--- INPUT FOR THIS TASK Enclosed Below ---

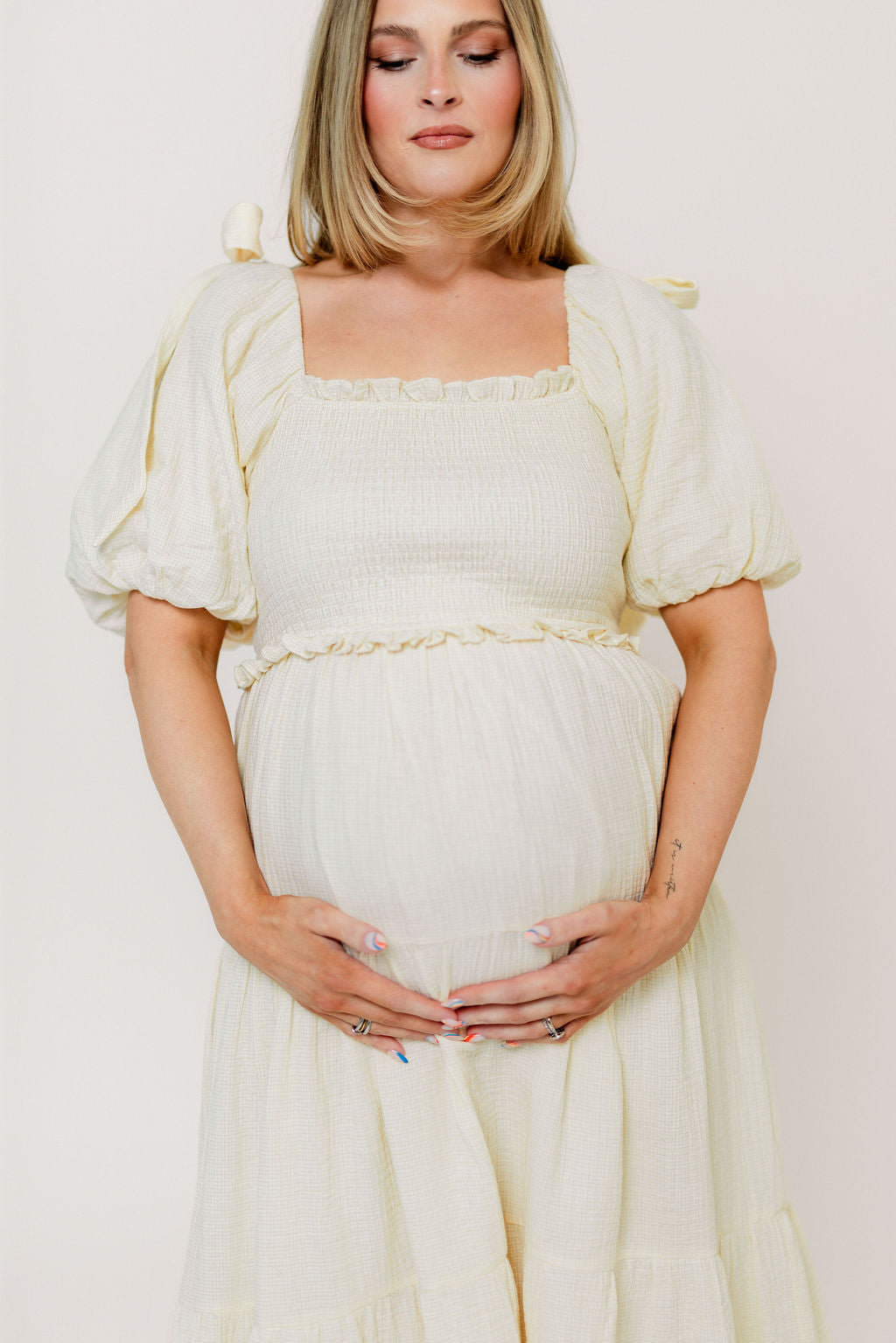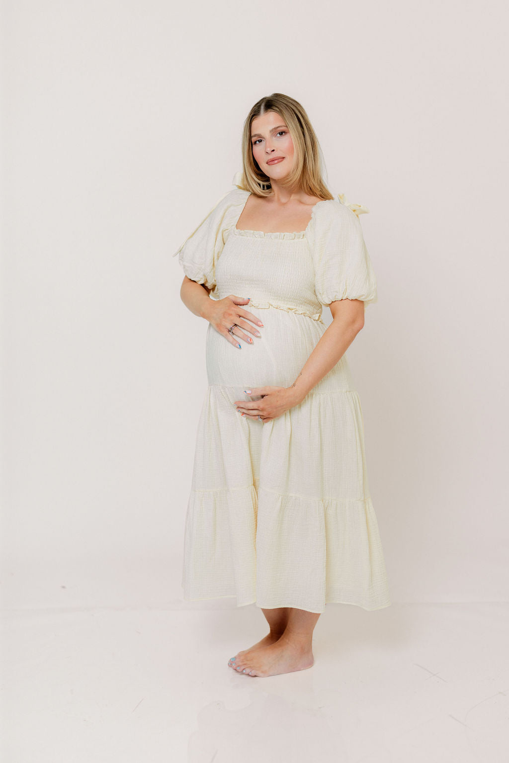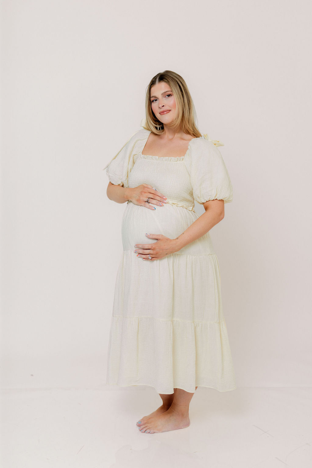 This picture-perfect midi dress is ready for your next special occasion! The Elena Midi features a classic, feminine silhouette that we just adore, plus a comfortable smocked bodice and statement puffed sleeves. It's flattering and comfortable for every body, including expecting mamas!
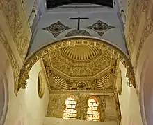 As a result of the pogroms of 1391 and the anti-Jewish preaching of Vicente Ferrer, the synagogue was sacked and then appropriated by the Catholic church.[8] It was officially consecrated as a church in the early 15th century, though sources vary in stating the exact year: some cite 1401,[9] 1405,[10][5] 1410,[11] or 1411.[5][8] The church was given to the Order of Calatrava.[11] Its present name, Santa Maria la Blanca ('Saint Mary the White') dates from this time and comes from an effigy of Mary that was kept inside.[9] Between 1550 and 1556 three small apses were added to the back of the building to serve as chapels, still visible today. They are designed in a Renaissance style and are attributed to Alonso de Covarrubias.[11][9]
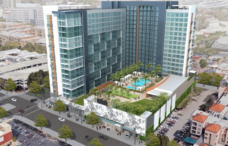 The Class-A, L-shaped property at 90 East San Carlos Street will sit on a 1.45-acre site located one block from the main entrance to San Jose State University. In addition to housing 1,039 students across 260 furnished apartments in its top 17 floors, the building will include 14,750 square feet of retail space, a four-level parking garage, an amenity deck and a pool.
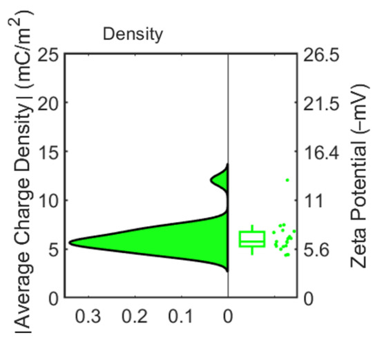 Left: distribution of average charge density of each MP obtained from fluorescence method. Right: boxplot of zeta potential converted from average charge density of MPs.
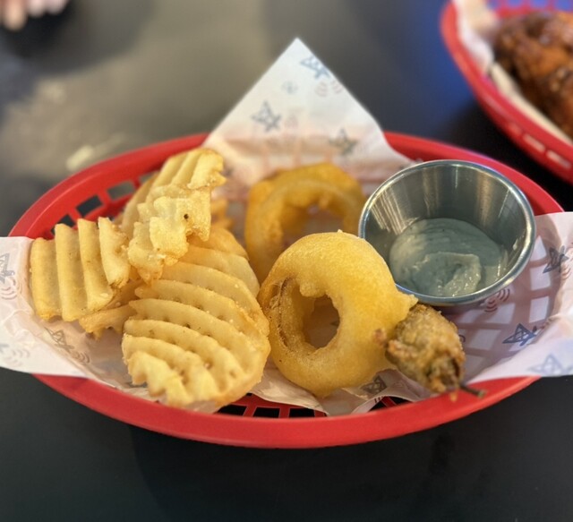 ツマミはシンプル。お昼だったのでチキンウイング6 pc コンボ、後からチーズボールだったかな。クラフトビールがメインディッシュと思えば、これ位の軽いメニューが丁度イイ。
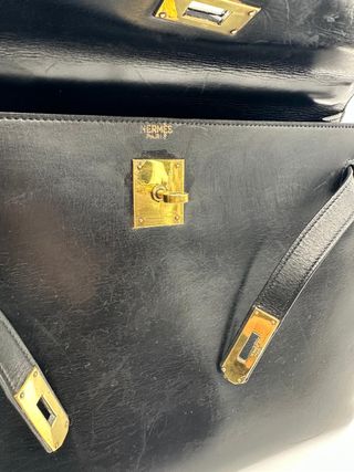 Bolso Hermès Kelly 32 de segunda mano en piel negra con herrajes dorados y cierre icónico con candado. Medidas 32x22x12 cm, tamaño ideal para el día a día con máxima elegancia. El bolso Hermès presenta marcas superficiales en la piel, ligero desgaste en esquinas y señales de uso en interior y herrajes, manteniendo buena estructura. Bolso Hermès original, pieza icónica de lujo a precio competitivo. Barcelona 0793

--- End of Enclosed INPUT FOR THIS TASK ---

● **WORK INSTRUCTION**
Leaving images out, please output every line of the data exactly.

● **TASK OUTPUT**
 This picture-perfect midi dress is ready for your next special occasion! The Elena Midi features a classic, feminine silhouette that we just adore, plus a comfortable smocked bodice and statement puffed sleeves. It's flattering and comfortable for every body, including expecting mamas!
 As a result of the pogroms of 1391 and the anti-Jewish preaching of Vicente Ferrer, the synagogue was sacked and then appropriated by the Catholic church.[8] It was officially consecrated as a church in the early 15th century, though sources vary in stating the exact year: some cite 1401,[9] 1405,[10][5] 1410,[11] or 1411.[5][8] The church was given to the Order of Calatrava.[11] Its present name, Santa Maria la Blanca ('Saint Mary the White') dates from this time and comes from an effigy of Mary that was kept inside.[9] Between 1550 and 1556 three small apses were added to the back of the building to serve as chapels, still visible today. They are designed in a Renaissance style and are attributed to Alonso de Covarrubias.[11][9]
 The Class-A, L-shaped property at 90 East San Carlos Street will sit on a 1.45-acre site located one block from the main entrance to San Jose State University. In addition to housing 1,039 students across 260 furnished apartments in its top 17 floors, the building will include 14,750 square feet of retail space, a four-level parking garage, an amenity deck and a pool.
 Left: distribution of average charge density of each MP obtained from fluorescence method. Right: boxplot of zeta potential converted from average charge density of MPs.
 ツマミはシンプル。お昼だったのでチキンウイング6 pc コンボ、後からチーズボールだったかな。クラフトビールがメインディッシュと思えば、これ位の軽いメニューが丁度イイ。
 Bolso Hermès Kelly 32 de segunda mano en piel negra con herrajes dorados y cierre icónico con candado. Medidas 32x22x12 cm, tamaño ideal para el día a día con máxima elegancia. El bolso Hermès presenta marcas superficiales en la piel, ligero desgaste en esquinas y señales de uso en interior y herrajes, manteniendo buena estructura. Bolso Hermès original, pieza icónica de lujo a precio competitivo. Barcelona 0793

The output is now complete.